Halfway around the world, Ronnie Munshi was, most unprofessionally, avoiding Pival’s calls. Perhaps if he had known about her dramatic intentions he might have been more eager to speak to her, but it was doubtful. Suicide is awfully bad for business.
Ronnie Munshi had a policy. He would answer his phone before a tour was booked, but never afterward. His usual strategy with customers was to woo them with relentless passion, but once he booked them he cut off all communication until their trip, to give them no opportunities to back out once he had received their deposit. He was terrified of such an occurrence, and not without reason. Indians, Ronnie thought, with complacent derision, were notoriously unreliable, especially when presented with the bill.
It would have come as a surprise to many that the First Class India USA Destination Vacation Tour Company was, in fact, run by Bangladeshis. The fact that this surprise would have been essentially unpleasant, or at the very least awkward, for his clients made it information that Ronnie was careful to hide. He had heard that Indian-Bangladeshi relationships had improved since his departure from his native land, but he suspected strongly this only applied to wealthy people, who were all the same anyway, wherever you went.
In his fifteen years in America, Ronnie had transformed from a skinny adolescent dishwasher at his distant uncle’s Curry Hill kebab joint to a plump and prosperous owner of his own business. He had also learned enough to understand that that business came at the cost of being Bangladeshi. So for all intents and purposes, publicly, at least, he wasn’t. To the best of his ability, that is. It’s very difficult to pretend to be from a country you dislike while living in another country that doesn’t know that the country you dislike and the country you are from are actually two distinct and separate places. Still, Ronnie had managed thus far, and he had no intention of letting Mrs. Sengupta, an uppity Bengali widow, interfere with his performance. Her calls, however, were not doing wonderful things for his heartburn.
Ronnie reached into a drawer on his desk and pulled out a jumbo-sized container of Tums, or rather, an off-brand knockoff guaranteed to get him the same results. His deceit, although carefully calculated and developed over many years, coupled with his avoidance policies, gave him digestive issues, and the right half of his desk was devoted to medicines, be they Ayurvedic or pharmaceutical, to aid his ever-aching stomach. As he chewed the chalky mouthful of pink and yellow tablets, he tried to remember the last day he had gone through without stomach pain.
Ronnie had arrived in America at the age of eighteen with four hundred dollars in his pocket, fifty of which were rapidly stolen by a cabdriver who could see that the frightened foreigner had no concept of United States currency, and a letter of introduction to his uncle and uncle’s family.

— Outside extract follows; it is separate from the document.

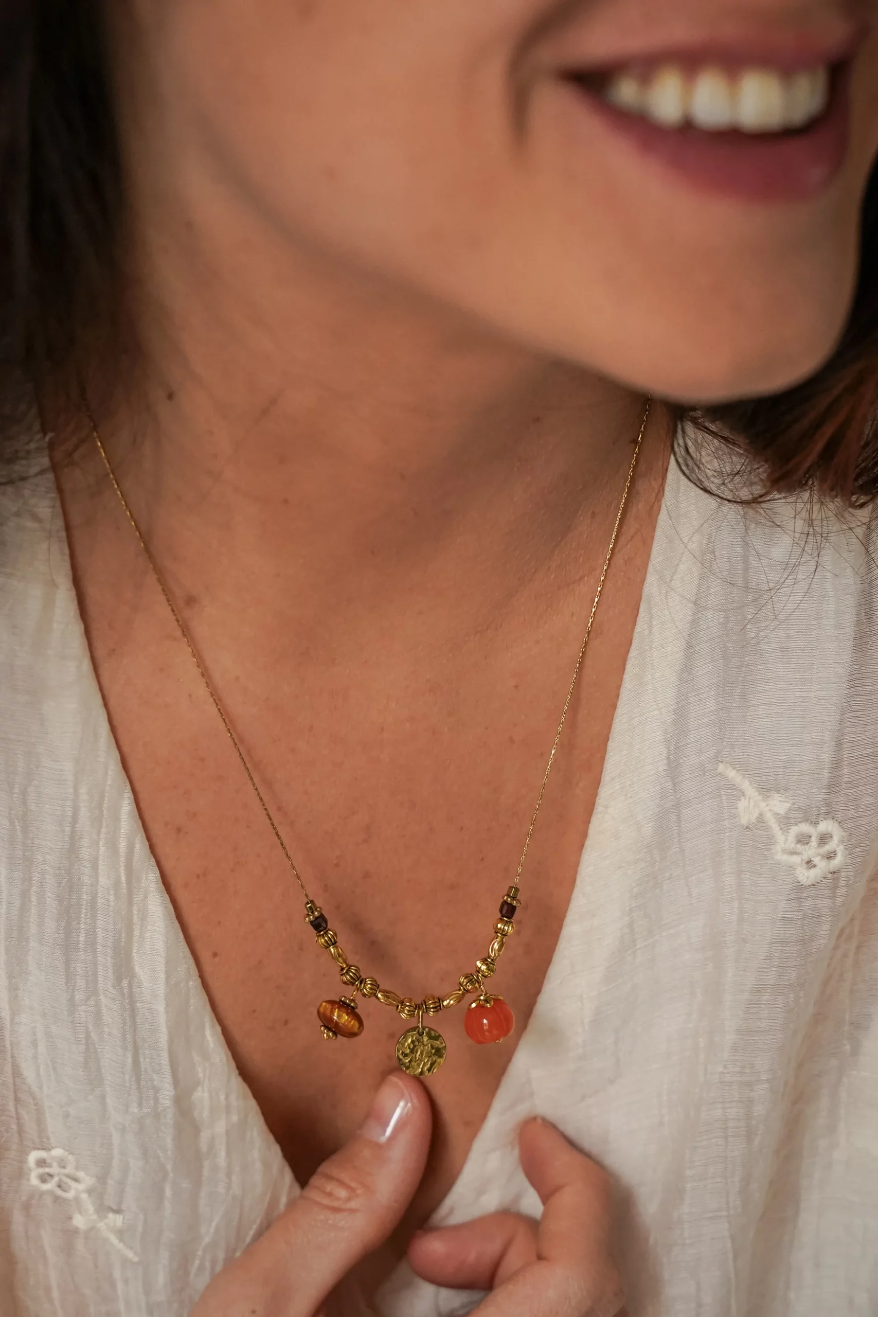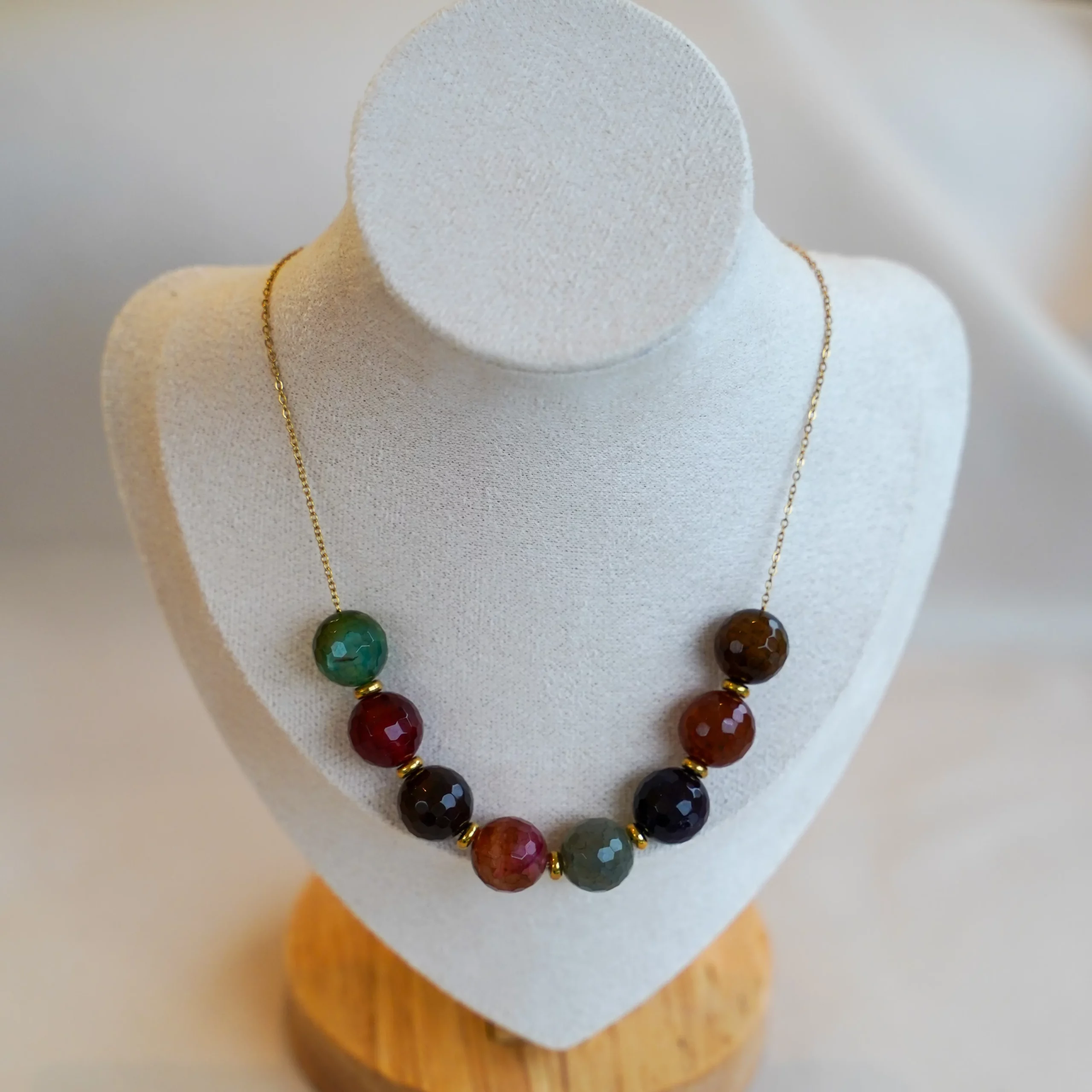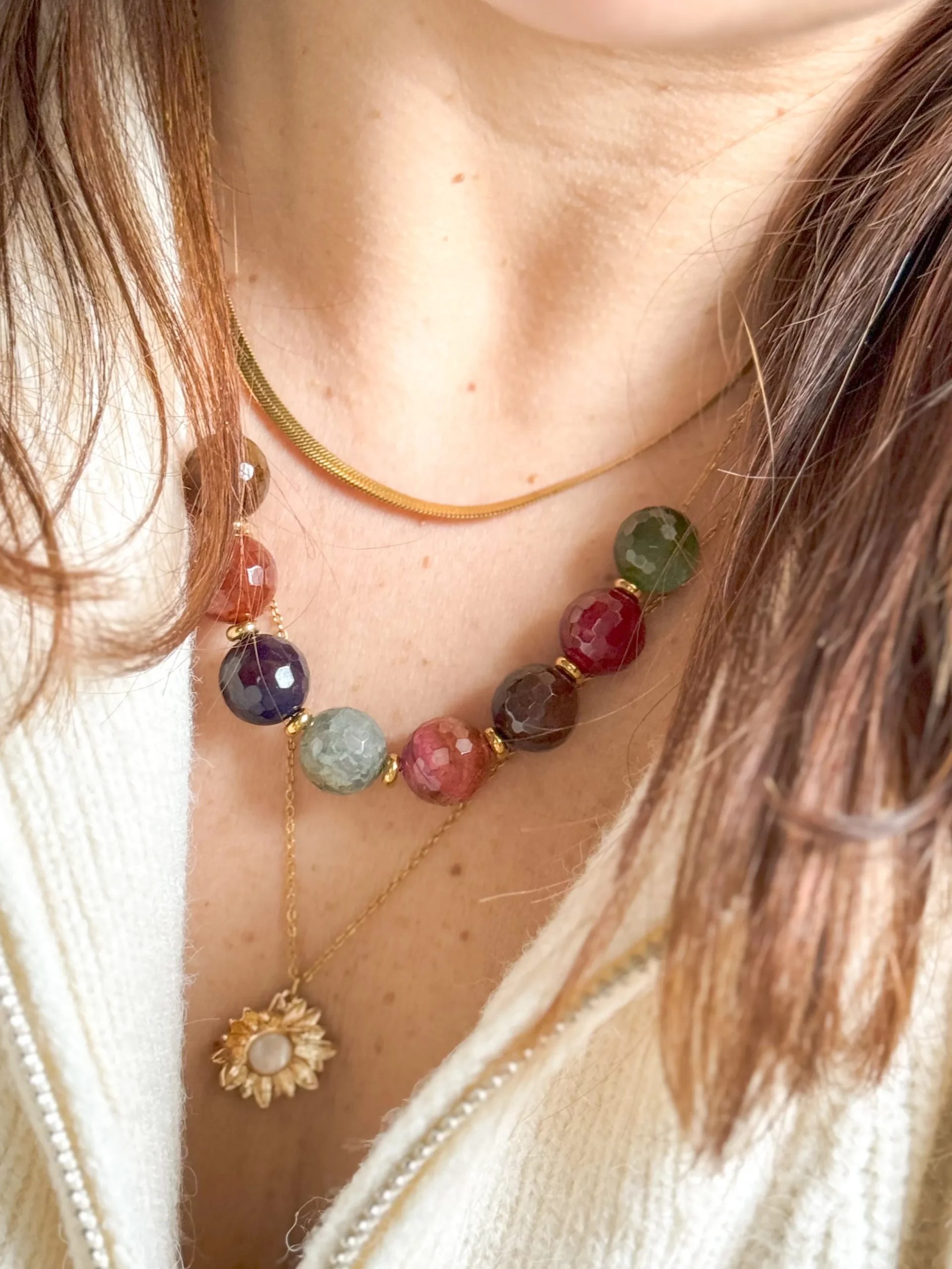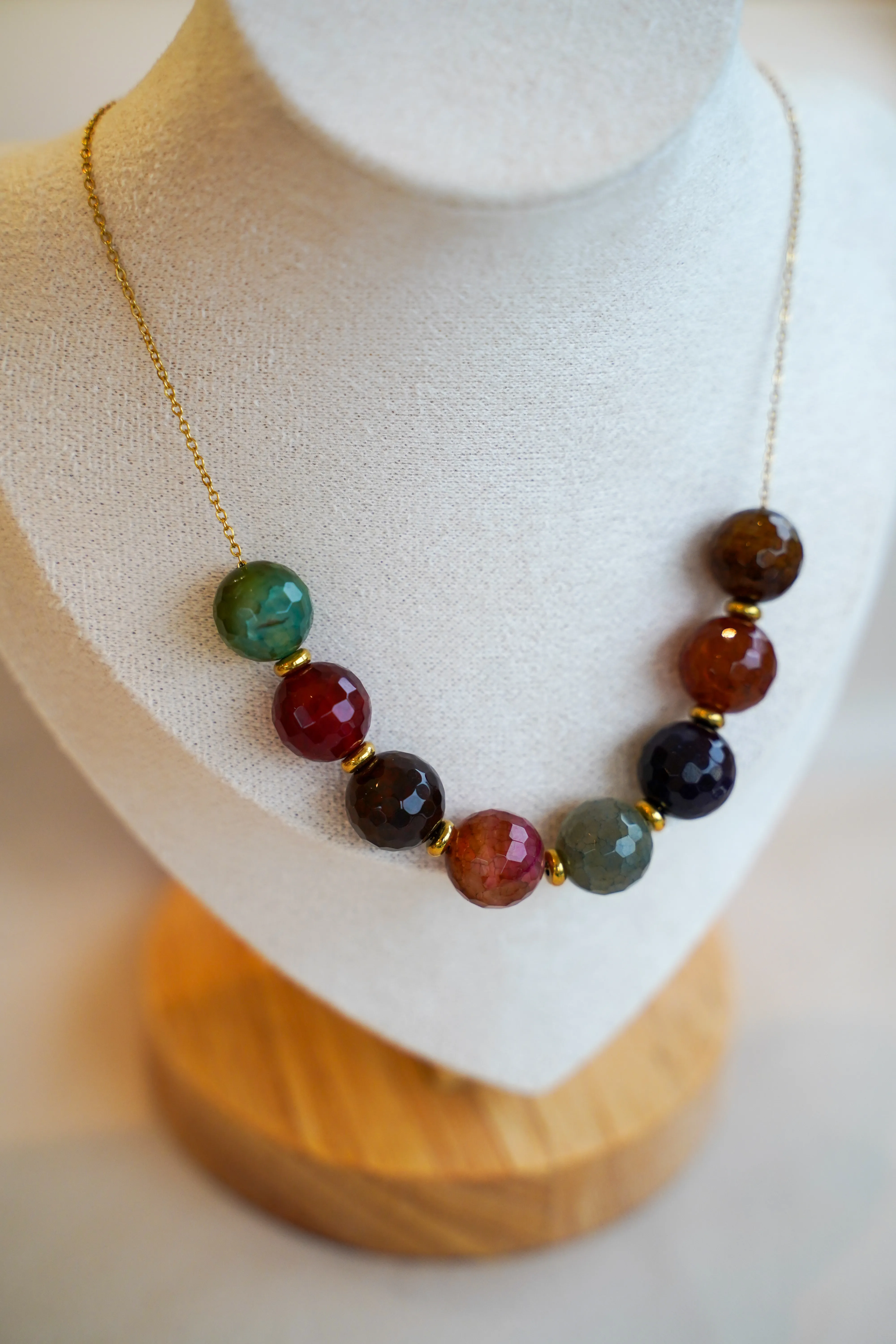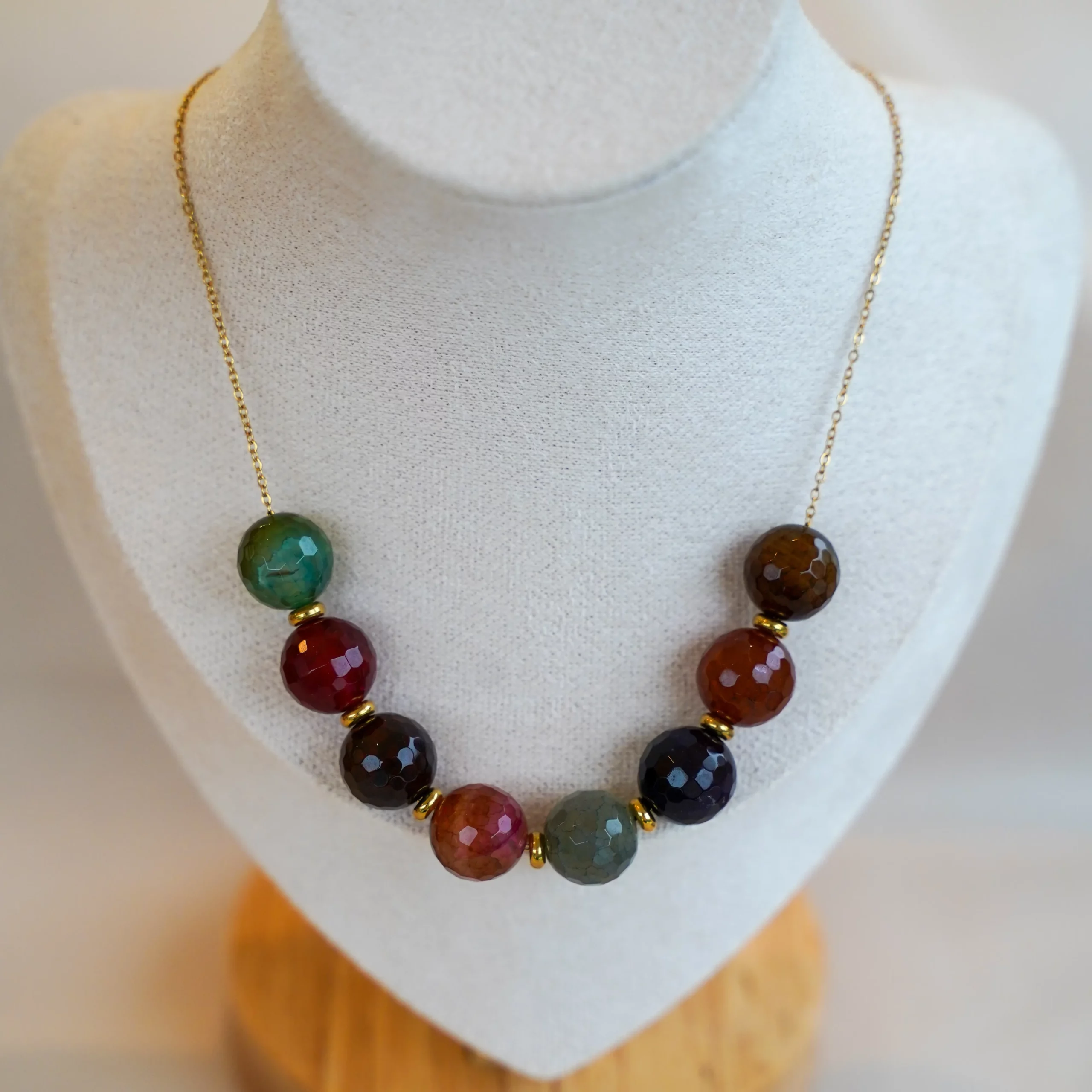 Collier de caractère composé d’une chaîne fine sur laquelle coulisse 8 perles d’agates crazy facettées.

His uncle, Pritviraj Munshi, actually a third cousin of his late father, introduced himself to his trembling relative as Raj, informing him that this name was easier for Americans to understand. This introduction confused Ronnie, then Rosni, because surely his uncle could count on a relative to understand his real name, even if these strange white people couldn’t. But Rosni was too tired and overwhelmed to question his uncle, who had, after all, not only survived for some twenty years in the United States but prospered. Pritviraj had left Bangladesh after the revolution and somehow had made it in America, and that made him a hero in Rosni’s exhausted eyes.
Recovering from his jet lag, Rosni presented himself at his uncle’s Manhattan business the following day to start working. He realized to his horror that his uncle, a proud Bangladeshi man, had set up an Indian restaurant. Instead of mustard-scented fish curries and coconut mutton chops served with plain rice, his uncle was doing good business selling people kebabs and dals and naan in a cramped but cheerful place with large color-enhanced photos of the Taj Mahal all over the walls and sitar music twanging in the background. There was a tandoori section of the menu, but no tandoor in the kitchen, and nothing was the way he had thought it would be. Confused, and less recovered from his flight than he had thought, Rosni almost fainted on the spot.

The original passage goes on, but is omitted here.